The Affordable Care Act: Unfinished Business
EPPN Health Care Series Part 3
Sanctify, O Lord, those whom you have called to the study and practice of the arts of healing, and to the prevention of disease and pain. Strengthen them by your life-giving Spirit, that by their ministries the health of the community may be promoted and your creation glorified; through Jesus Christ our Lord. Amen.
-Prayer for Doctors and Nurses, Book of Common Prayer pg. 460
The Supreme Court recently turned back a third challenge to the Affordable Care Act (ACA), ensuring that the law will continue to help Americans access more affordable health care. The Affordable Care Act, in existence for the last decade, has become integral to the American healthcare system.

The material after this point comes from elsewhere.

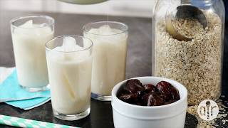 Such a simple milk to make from scratch and have on hand at home. Healthy, easy, and sweetened with dates - this non-dairy milk is a winner. Get the recipe for Oat Milk: https://www.allrecipes.com/recipe/266...

Thanks to the ACA, millions who previously could not afford insurance have access to affordable, quality health care. All Americans benefit from the ACA’s private insurance regulations, which prohibit annual and lifetime coverage caps and ban discrimination and price increases based on pre-existing conditions. Black and Hispanic populations had the highest uninsured rates prior to the ACA’s passage. Thanks to the ACA, those groups have made the largest gains. The uninsured rate for Black adults dropped from 24.4 percent in 2013 to 14.4 percent in 2018, while the rate for Hispanic adults decreased from 40.2 percent to 24.9 percent. These improvements should be celebrated for the millions of lives they have made better.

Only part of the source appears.